[Opening Data records section]

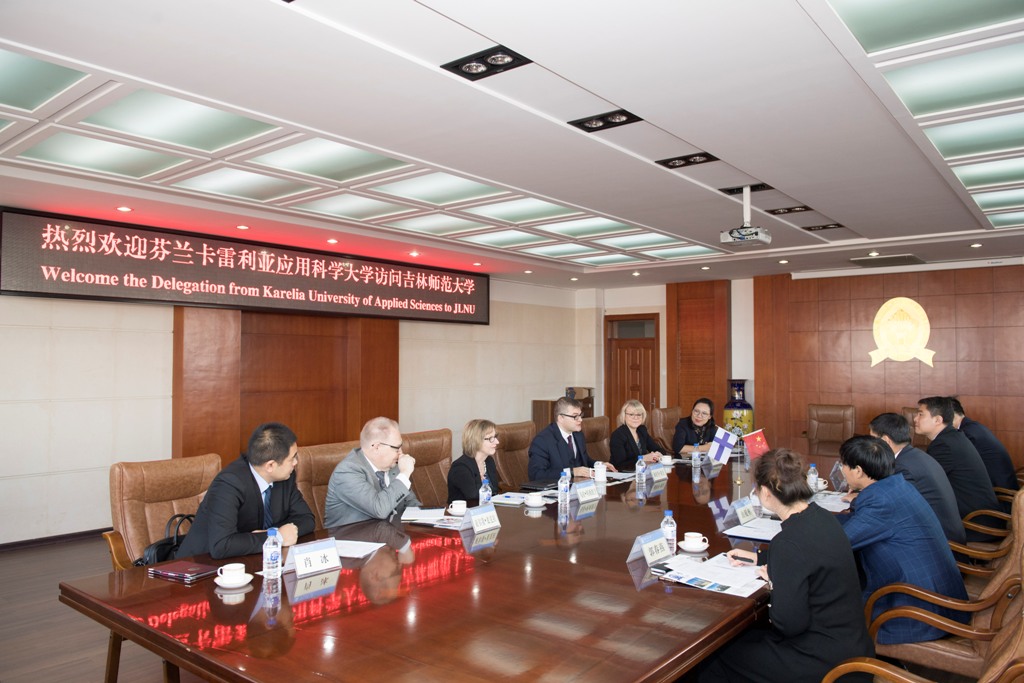 芬兰卡雷利亚应用科学大学此次来访,是对我校今年5月访问该校的正式回访。会上,双方在上次会谈的基础上,就学生交换、教师互派、教师培训、校际“2+2”本科双学位联合培养、中外合作办学等项目作了进一步细致深入的商谈,达成了一致意见,并正式签署《中国吉林388vip太阳集团与芬兰卡雷利亚应用科学大学开展教育交流与合作协议书》,为下一步落实合作项目奠定框架基础。
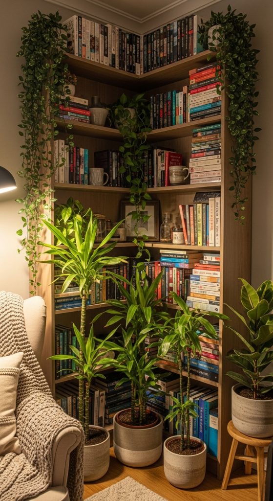 7. Corner Bookshelf with Plants
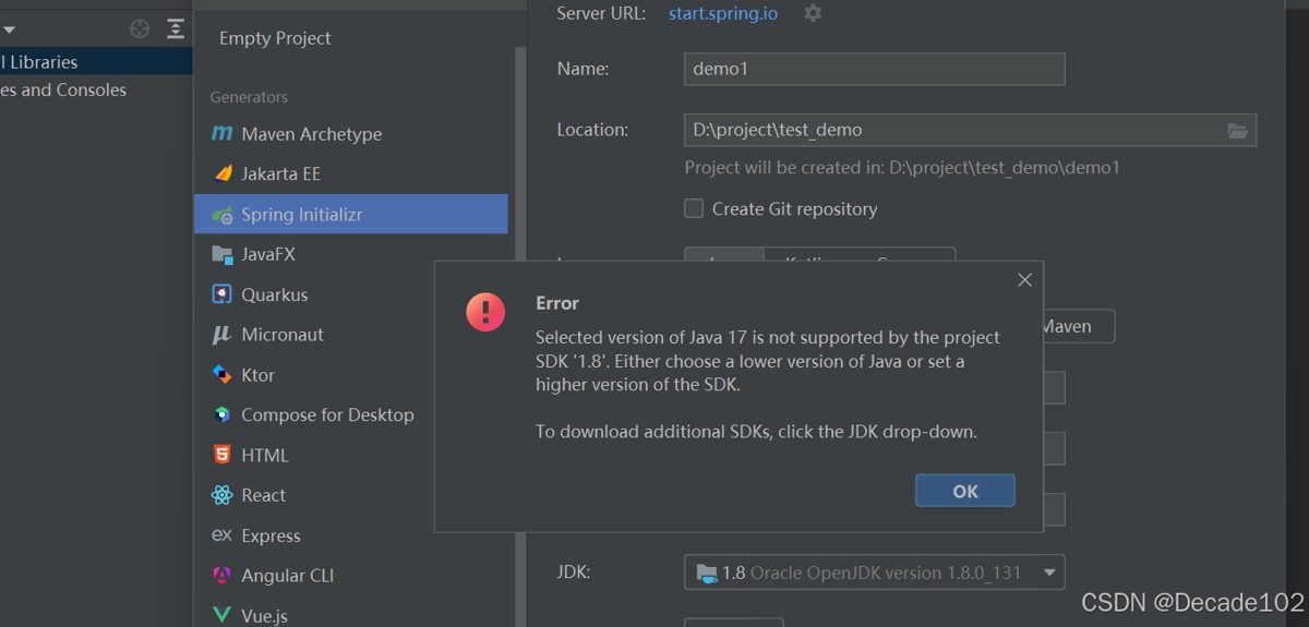 selected version of java 17 is not supported by the project sdk ‘1.8’. either choose a lower version of java or set a higher version of the sdk. to download additional sdks, click the jdk drop-down.
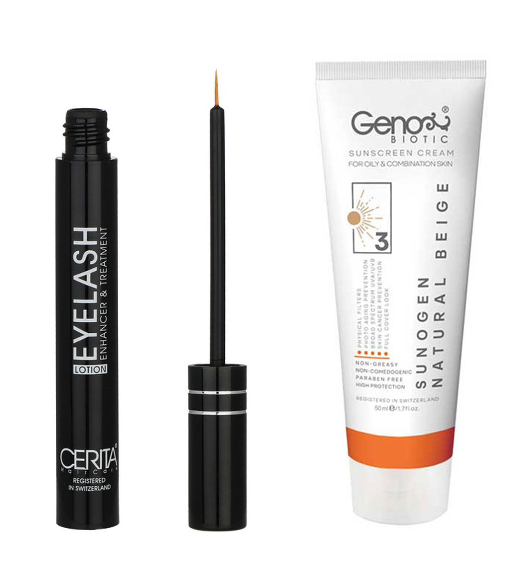 پک تخصصی محلول تقویتکننده مژه سریتا و کرم ضد آفتاب رنگی SPF50 مناسب پوست چرب و مختلط ژنو بایوتیک
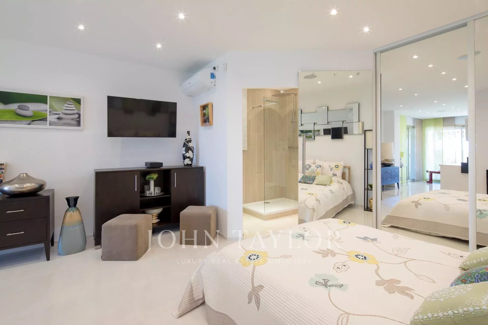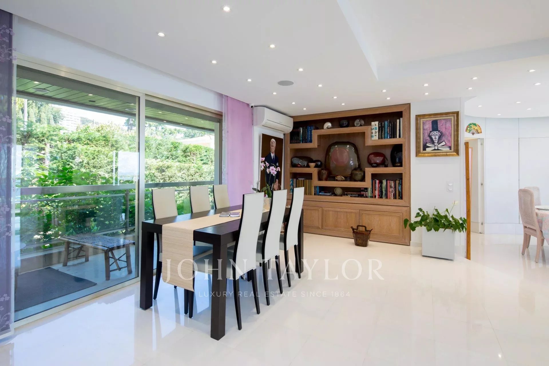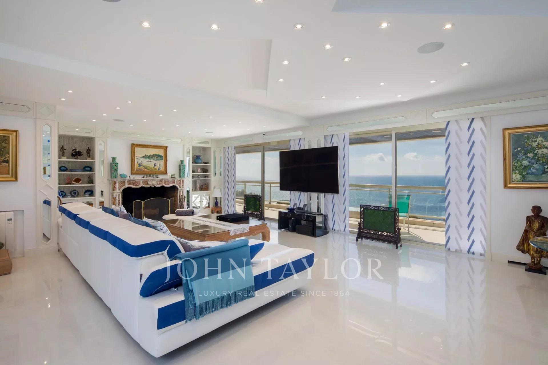 Entrance leading to a double living / dining room opening onto the terrace, overlooking the Bay of Cannes, the Lerins Islands

[Closing Data records section]

The records above need to be given again exactly. Omit the pictures.

▸ Solved exercise
 芬兰卡雷利亚应用科学大学此次来访,是对我校今年5月访问该校的正式回访。会上,双方在上次会谈的基础上,就学生交换、教师互派、教师培训、校际“2+2”本科双学位联合培养、中外合作办学等项目作了进一步细致深入的商谈,达成了一致意见,并正式签署《中国吉林388vip太阳集团与芬兰卡雷利亚应用科学大学开展教育交流与合作协议书》,为下一步落实合作项目奠定框架基础。
 7. Corner Bookshelf with Plants
 selected version of java 17 is not supported by the project sdk ‘1.8’. either choose a lower version of java or set a higher version of the sdk. to download additional sdks, click the jdk drop-down.
 پک تخصصی محلول تقویتکننده مژه سریتا و کرم ضد آفتاب رنگی SPF50 مناسب پوست چرب و مختلط ژنو بایوتیک
 Entrance leading to a double living / dining room opening onto the terrace, overlooking the Bay of Cannes, the Lerins Islands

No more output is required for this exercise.